SUDAN: More than 7 million ballot papers arrived in southern Sudan's capital, Juba, marking one of the final steps of preparation for a highly contentious referendum Jan. 9 that would allow Sudan's southern region (McClatchy-Tribune) to secede.

AMERICAS: Medvedev Welcomes New START Ratification

President Dmitry Medvedev welcomed the U.S. Senate's vote (AP) to ratify a landmark U.S.-Russian nuclear arms control treaty, but Russian legislators said they need to study a resolution accompanying the document before following suit. An AP analysis says the Senate's vote to ratify the New START agreement is more important for its diplomatic implications than for the limits on weapons and could help gain Russian cooperation with a U.S. plan to protect Europe with an anti-missile shield.

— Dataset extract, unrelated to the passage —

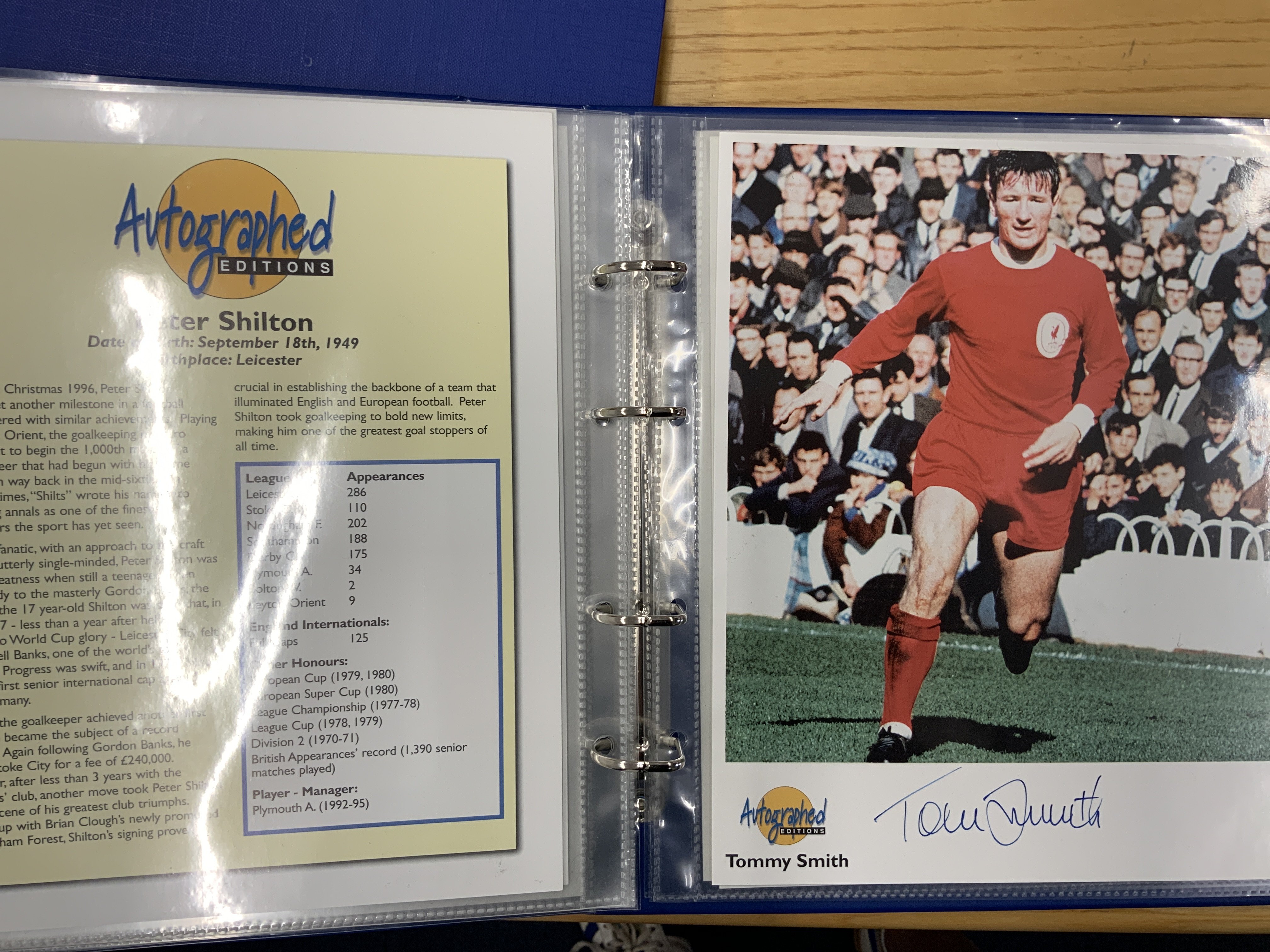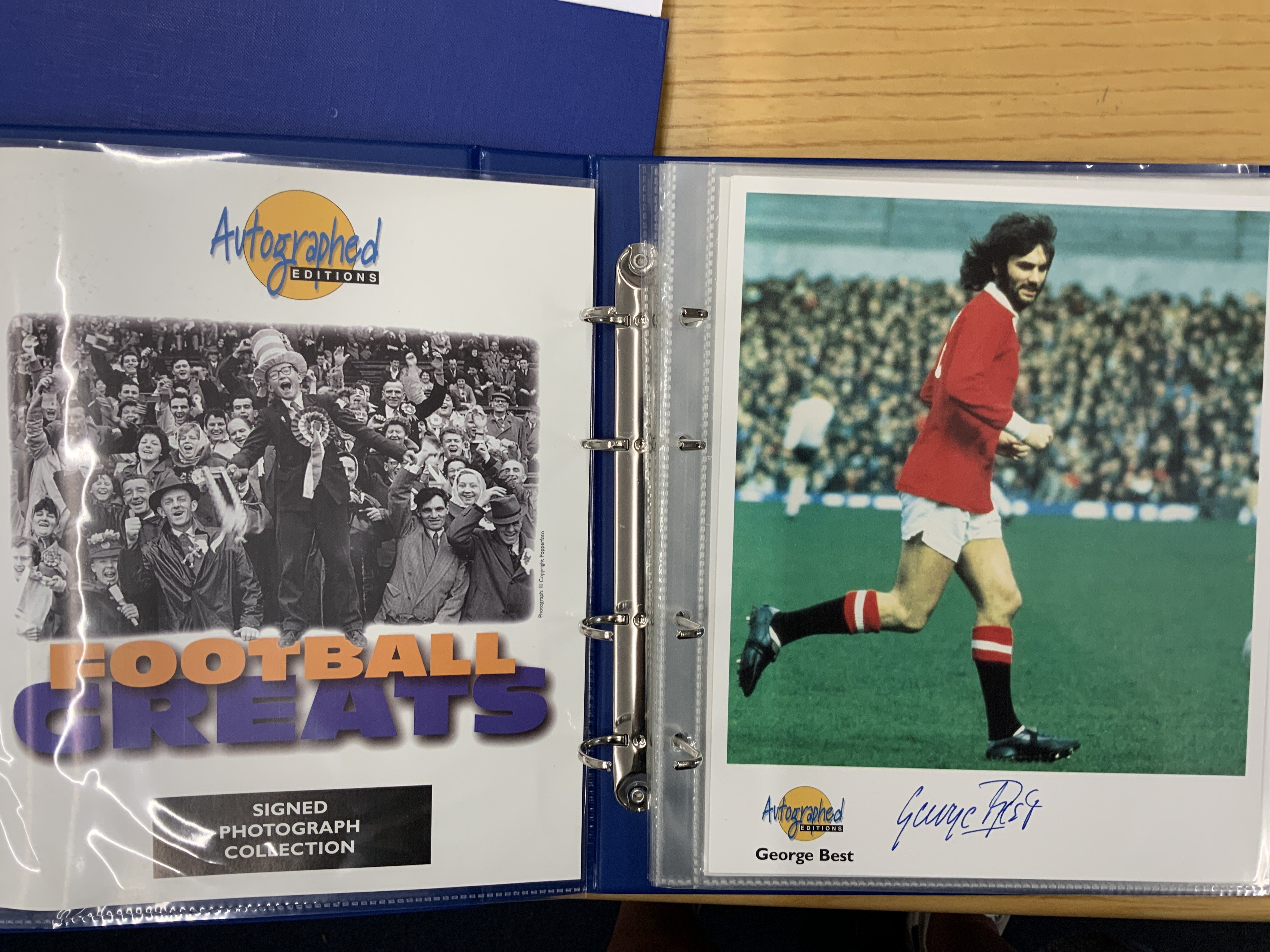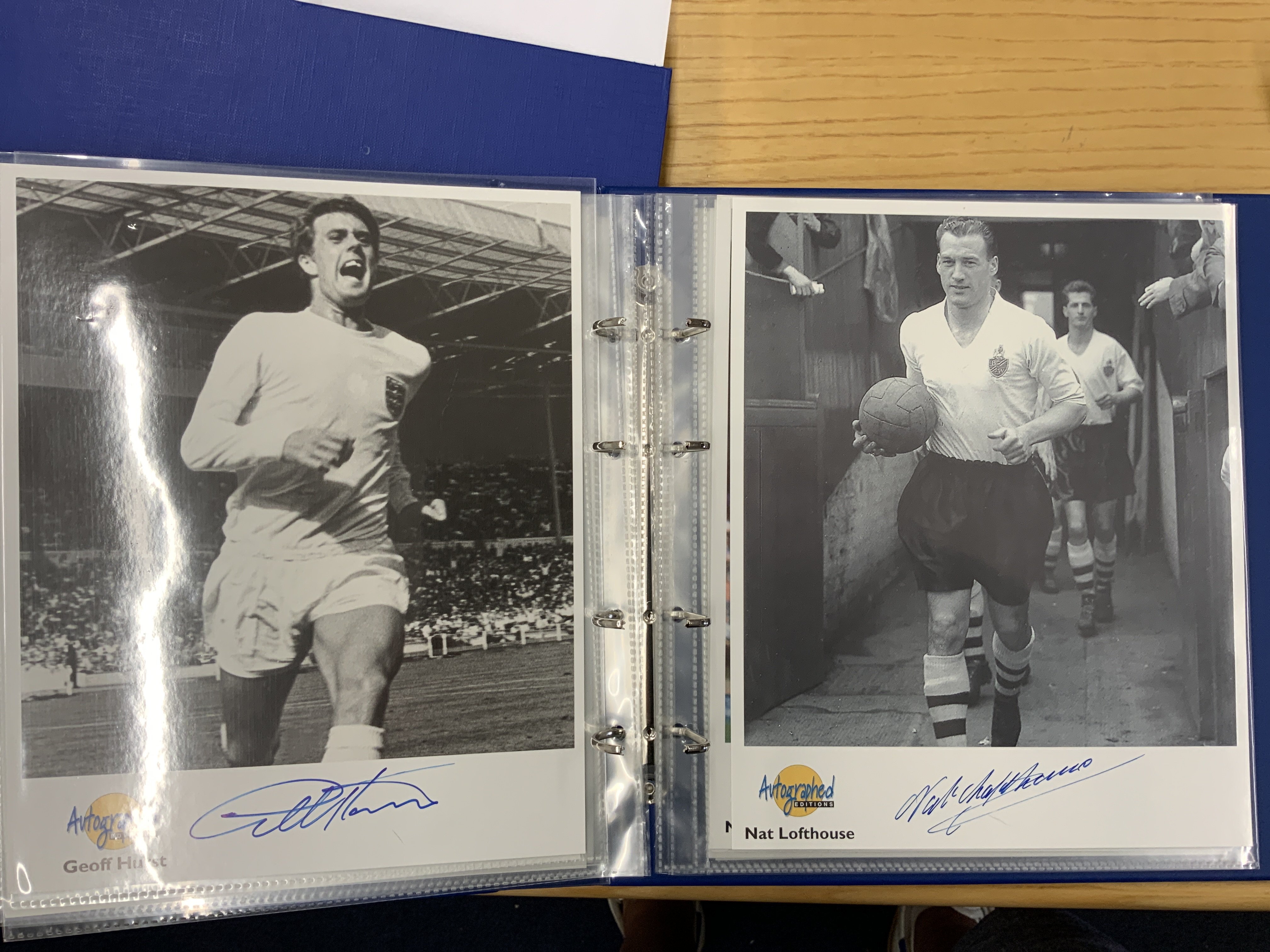 Autographed Editions Signed Football Cards: Large cards in original folder with COA covering all photos. Includes the hard to obtain George Best plus Banks Bonetti Chivers Cohen Hunt Hurst Lofthouse MacDonald Shilton T Smith Stiles and Wilson. (13)

Support of the U.S. national security establishment was crucial in gaining Senate ratification of New START, but follow-on arms control agreements with Russia face a tough road, says CFR's Stephen Sestanovich.

President Barack Obama signed legislation that declares an end to the nation's "don't ask, don't tell" (SFGate) policy on gay and lesbian members of the military.

EUROPE: Greece Passes Austerity Measures

Greece's government passed a 2011 austerity budget (WSJ), a precondition for further aid from bailout funds provided by Greece's international lenders of last resort to avoid a debt default.

“What the euro needs is more Germanys," writes the FT column Lex, but what it gets are "small, open, peripheral European economies, not obviously in need of cheap credit, dangerously vulnerable to euro-induced bubbles.”

Note: The Daily News Brief will resume publication Monday, Dec. 27.